(Dataset entries)
#####

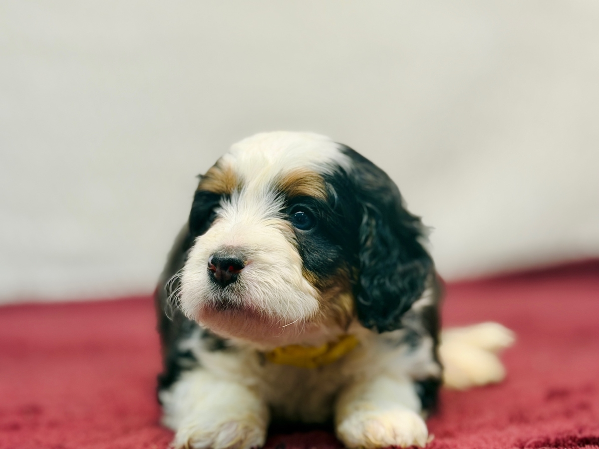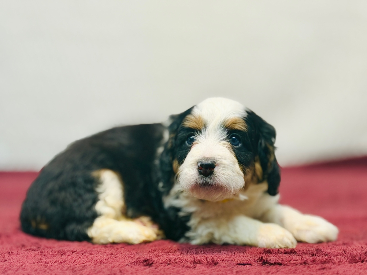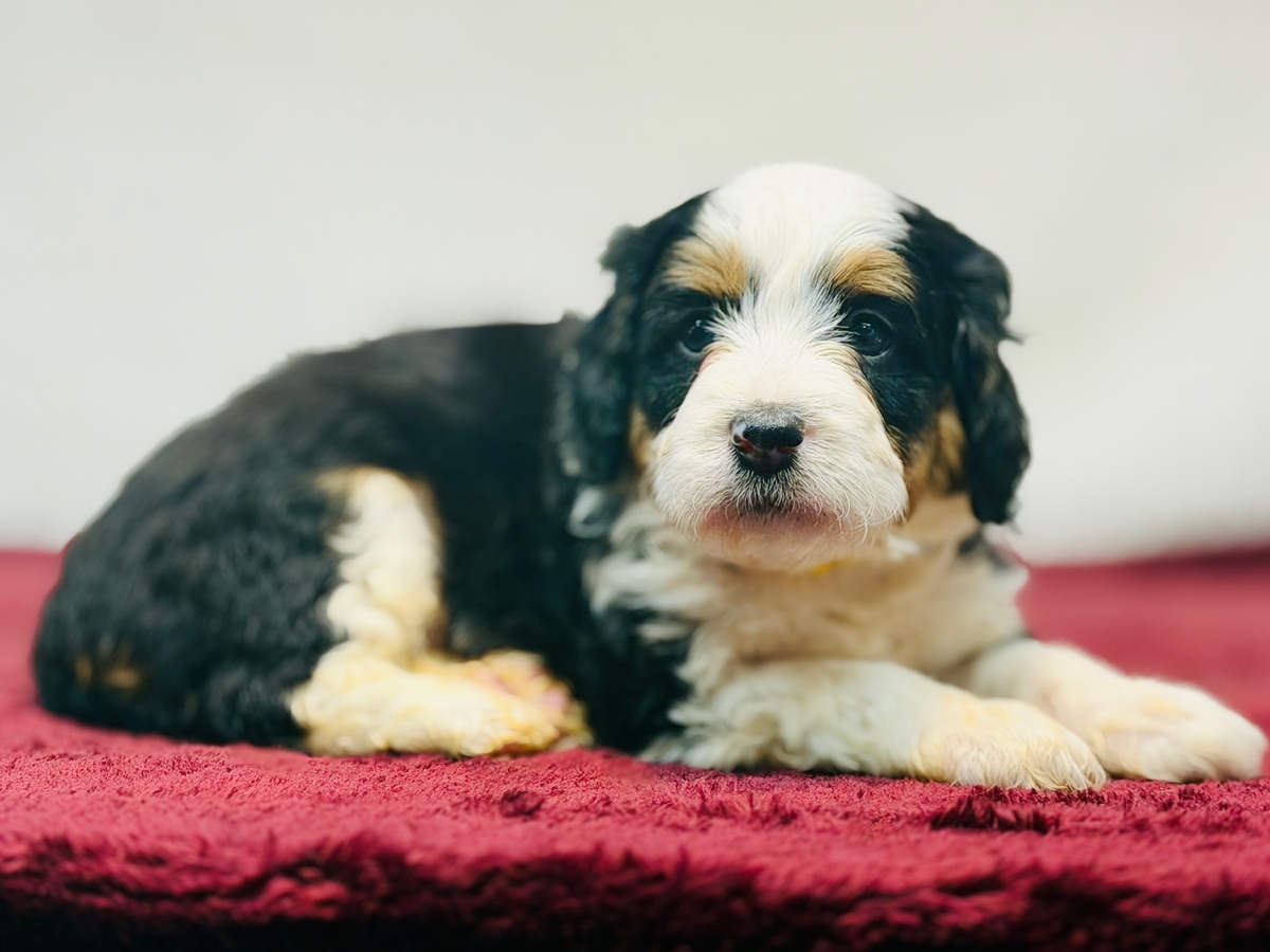 Sunny is an F1 Mini Bernedoodle and his litter will average in the 30-40 lb. weight range when full grown. He will be ready to go home on 1/24/26.
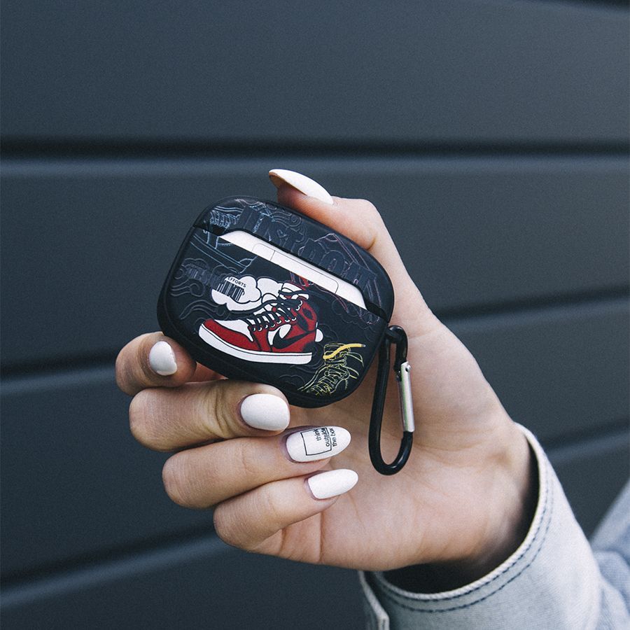 Чехол разработан специально для наушников AirPods Pro, предусматривая внутренние ячейки под размеры устройств. Вам не нужно снимать чехол для зарядки наушников, так как он имеет специальное отверстие для провода. Кроме того, у чехла есть удобный карабин или кольцо (в зависимости от комплектации) для крепления к вашим ключам, сумке или рюкзаку. Это позволяет легко носить кейс AirPods Pro с собой, а также существенно снижает вероятность его потери. Сам чехол выполнен в интересном визуальном оформлении, что сделает его эксплуатацию веселой и привлекающей окружающее внимание.
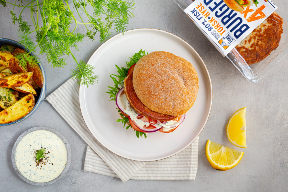 - Del hamburgerbrød og ha ishavsdressing, salat, tomatskiver, rødløkskiver og fiskeburger. Server gjerne med ovnsbakte, dill, sitron og ishavsdressing ved siden av. Vel bekomme!
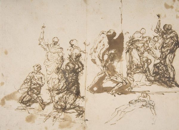 Salvator Rosa sketched this arresting image with pen and brown ink. It shows a figure being hoisted from a grave or pit, a potent symbol of rescue or resurrection. The act of lifting someone from darkness echoes through the ages, from ancient myths to Christian iconography. Think of the raising of Lazarus, a powerful motif of salvation. But here, the ropes add a disturbing element, suggesting not divine intervention, but a more earthly, perhaps even violent, extraction. Consider how this motif recurs—the descent into the underworld and the subsequent return, a journey of transformation and rebirth. This image, charged with primal fears and hopes, engages us on a subconscious level, tapping into our collective memory of mortality and the yearning for deliverance. It resonates because it embodies the cyclical nature of human experience: fall and rise, despair and hope. This is not just a scene, but a mirror reflecting our deepest anxieties and aspirations.
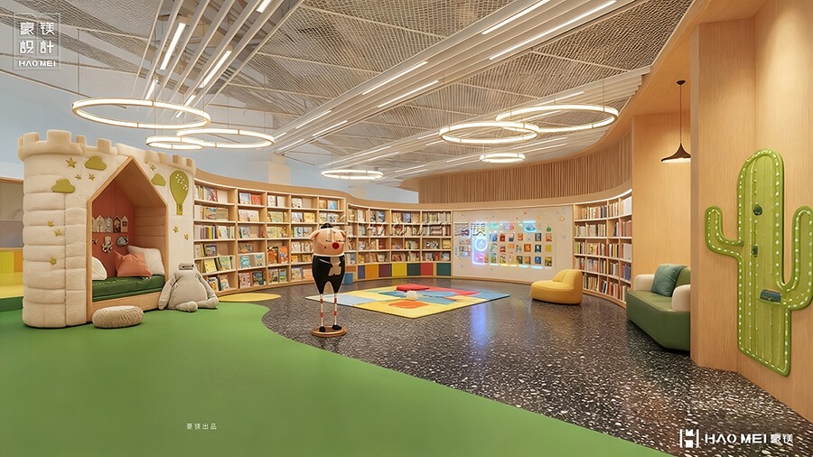 儿童阅览与活动区: 设计色彩明快、家具尺度适宜、安全环保的独立区域,包含绘本区、亲子阅读角、活动教室,培养儿童早期阅读兴趣。
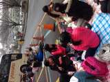 今日の集会は、たて割り班対抗ボール運びレースでした。ラケットの上にボールを乗せて...
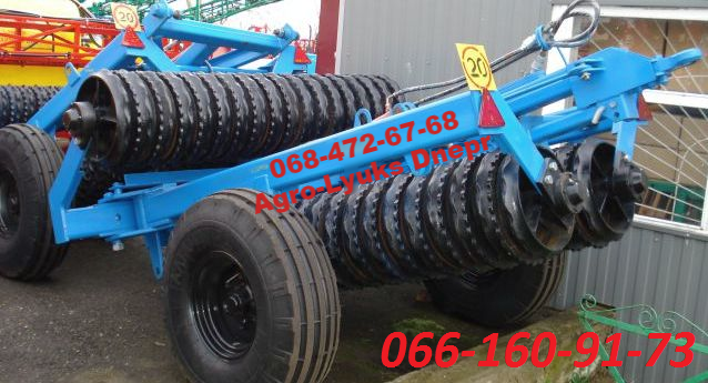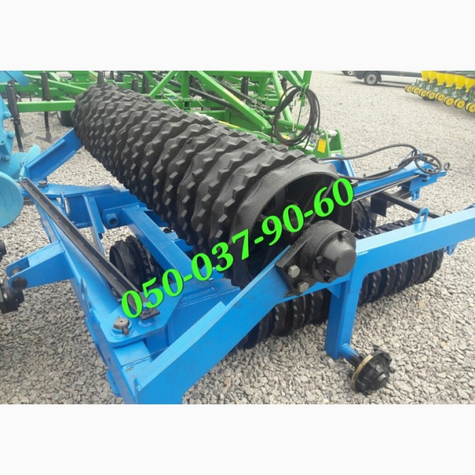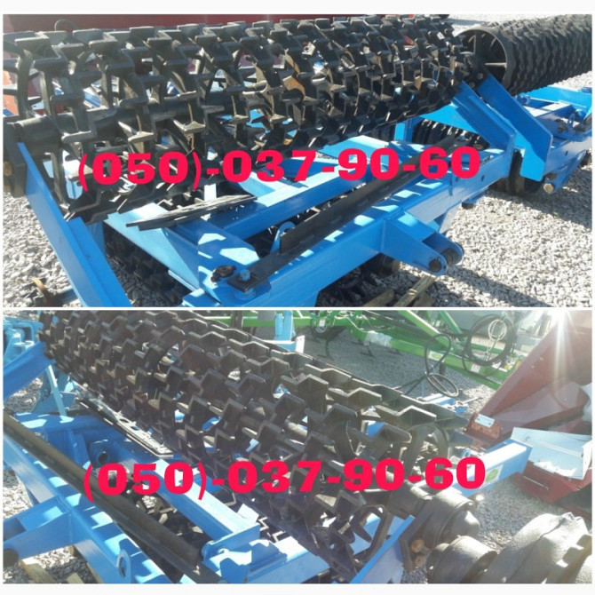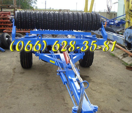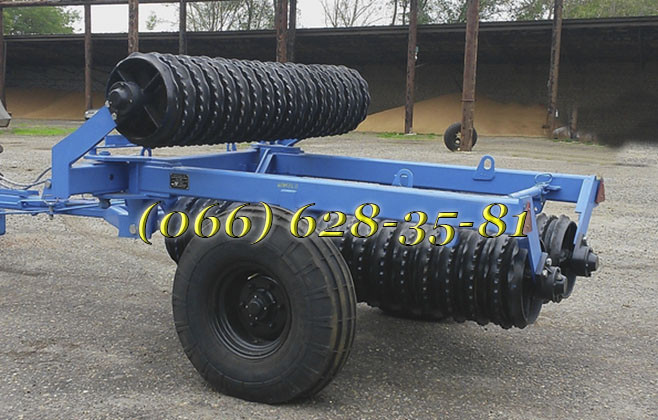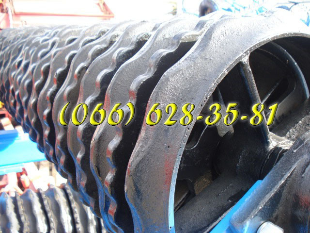 Характеристики катка КЗК-6: - Ширина захвату: 6 метрів - Діаметр кільця: 520 мм - Кільця виготовлені зі сталі - Вага: 3300 кг Каток КЗК-6 оснащений гідравлічною системою, що дозволяє йому перебувати в робочому положенні. У транспортному положенні каток може переміщатися по дорогах загального корист...
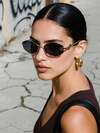 1 副女士复古椭圆形镜框时尚眼镜,带装饰镜腿,适合海滩、旅行、街头摄影、通勤的时尚眼镜
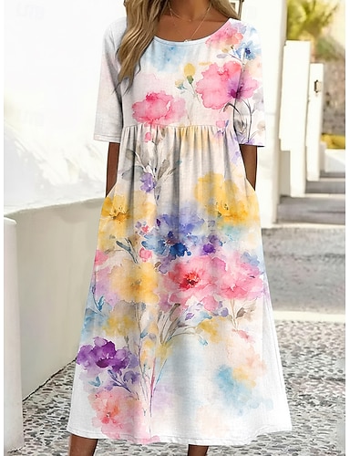 Per donna Abito Midi Vestito Casual Abito Stampato Moda All'aperto Vacanza Uscire Vestibilità regolare Floreale Grafico Mezza Manica Girocollo Bianco Estate Primavera
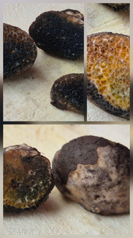 Am Fuß einer Eiche in Hanglage hat Paco eine Trüffel gefunden, die im Anschnitt schwärzt. Frisch ist die Trüffel gelblich/orange und die Peride weiß mit einer dunkelbraunen Haut überzogen und glatt.
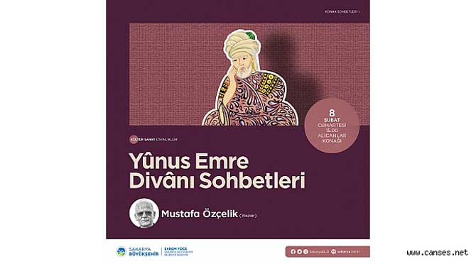 Sakarya Büyükşehir Belediyesi Kültür Sanat Etkinlikleri 8 Şubat Cumartesi günü gerçekleştirilecek olan ‘Konak Sohbetleri’ programı ile devam edecek. Tarihi Alicanlar Konağı’nda saat 15.00’da gerçekleşecek olan ‘Yunus Emre Divanı’ sohbetine Yazar Mustafa Özçelik konuşmacı olarak katılacak. Sonrasında ise saat 18.00’da Prof. Dr. Necdet Tosun’un konuşmacı olarak katılacağı ‘Hüdayı Divanı’ sohbeti kültür sanat dostları ile buluşacak.
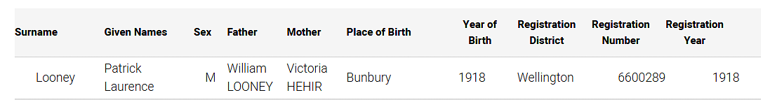 His 1918 WA Birth Registration Records confirm that Patrick's full legal name is Patrick Laurence Looney - not Patrick "Lawrence" Looney.

#####

## Work required
Leave the pictures out and repeat exactly the lines from the beginning of the records to the line bearing "- Del hamburgerbrød", both ends counted.

## Exercise output
 Sunny is an F1 Mini Bernedoodle and his litter will average in the 30-40 lb. weight range when full grown. He will be ready to go home on 1/24/26.
 Чехол разработан специально для наушников AirPods Pro, предусматривая внутренние ячейки под размеры устройств. Вам не нужно снимать чехол для зарядки наушников, так как он имеет специальное отверстие для провода. Кроме того, у чехла есть удобный карабин или кольцо (в зависимости от комплектации) для крепления к вашим ключам, сумке или рюкзаку. Это позволяет легко носить кейс AirPods Pro с собой, а также существенно снижает вероятность его потери. Сам чехол выполнен в интересном визуальном оформлении, что сделает его эксплуатацию веселой и привлекающей окружающее внимание.
 - Del hamburgerbrød og ha ishavsdressing, salat, tomatskiver, rødløkskiver og fiskeburger. Server gjerne med ovnsbakte, dill, sitron og ishavsdressing ved siden av. Vel bekomme!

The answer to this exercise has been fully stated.